# Room temperature superconductor found



## hellrazor (Oct 14, 2020)

The first room-temperature superconductor has finally been found | Science News
					

A compound of carbon, hydrogen and sulfur conducts electricity without resistance up to 15° C, but there’s a catch: It works only under high pressure.




					www.sciencenews.org
				



It super conducts at 15 Celsius, but it also needs 38 million PSI.


----------



## mtcn77 (Oct 14, 2020)

What is this, solid hydrogen?

PS: I think they already use hydrogen and carbon in the making of diamonds, so this must be a sulfur diamond.


----------



## Beertintedgoggles (Oct 14, 2020)

At that pressure, 15 C is damn near equivalent to absolute zero!  Awesome stuff though.


----------



## blobster21 (Oct 14, 2020)

They basically swapped one huge constraint (extreme low temperature) against another ( extreme high pressure)


----------



## sam_86314 (Oct 14, 2020)

blobster21 said:


> They basically swapped one huge constraint (extreme low temperature) against another ( extreme high pressure)


"We got our supercomputer to only use 3 microamps under load!"

"...with an input voltage of 15 billion volts."

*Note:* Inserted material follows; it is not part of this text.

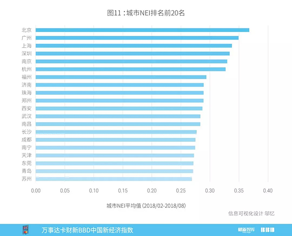 图11计算了2018年2月到2018年8月城市NEI平均排名,前五名为北京、广州、上海、深圳和南京。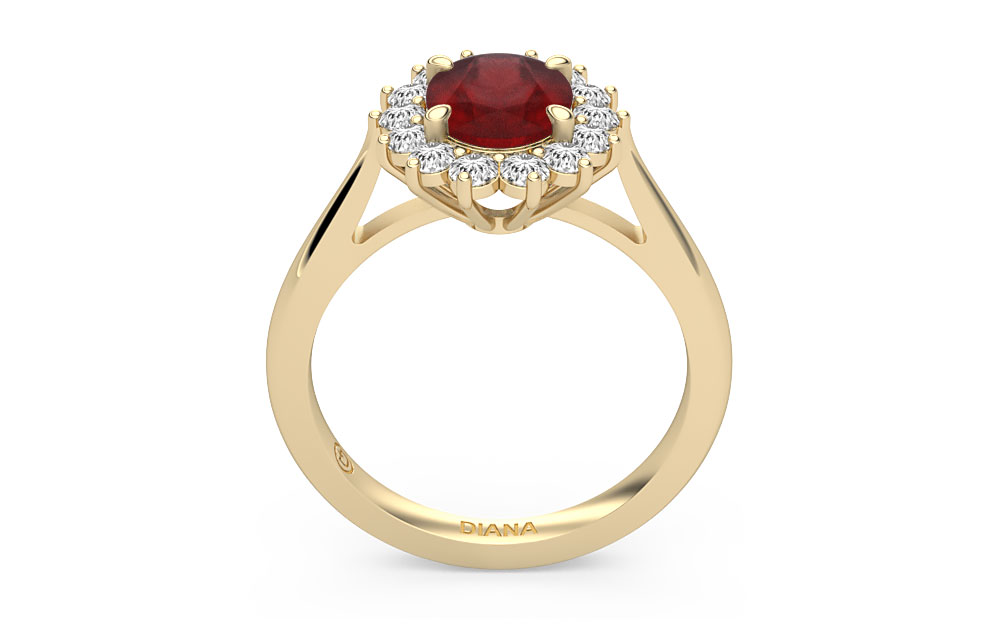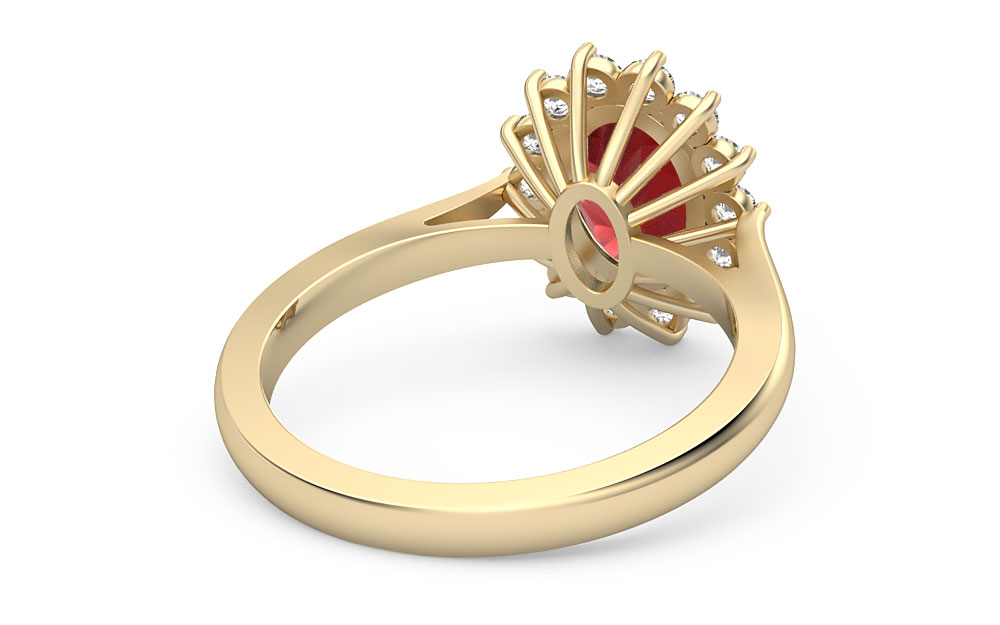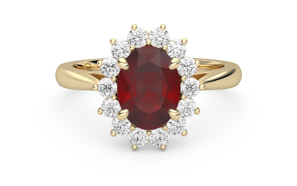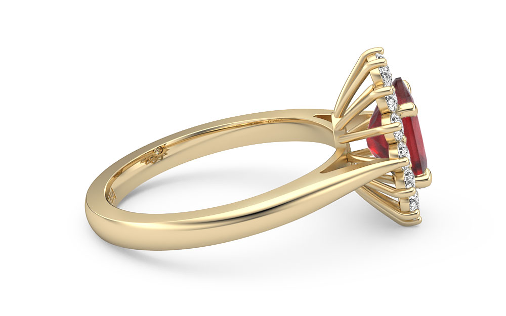 This timeless red hued gemstone ring features an oval-shaped ruby. Complete with a dazzling diamond halo, this design offers the perfect balance of beauty and sparkle.

The title of that article is a bit clickbaity. It's technically true, but...


----------



## mtcn77 (Oct 14, 2020)

sam_86314 said:


> "We got our supercomputer to only use 3 microamps under load!"
> 
> "...with an input voltage of 15 billion volts."
> 
> The title of that article is a bit clickbaity. It's technically true, but...


That's 6.75Mw, isn't it?


----------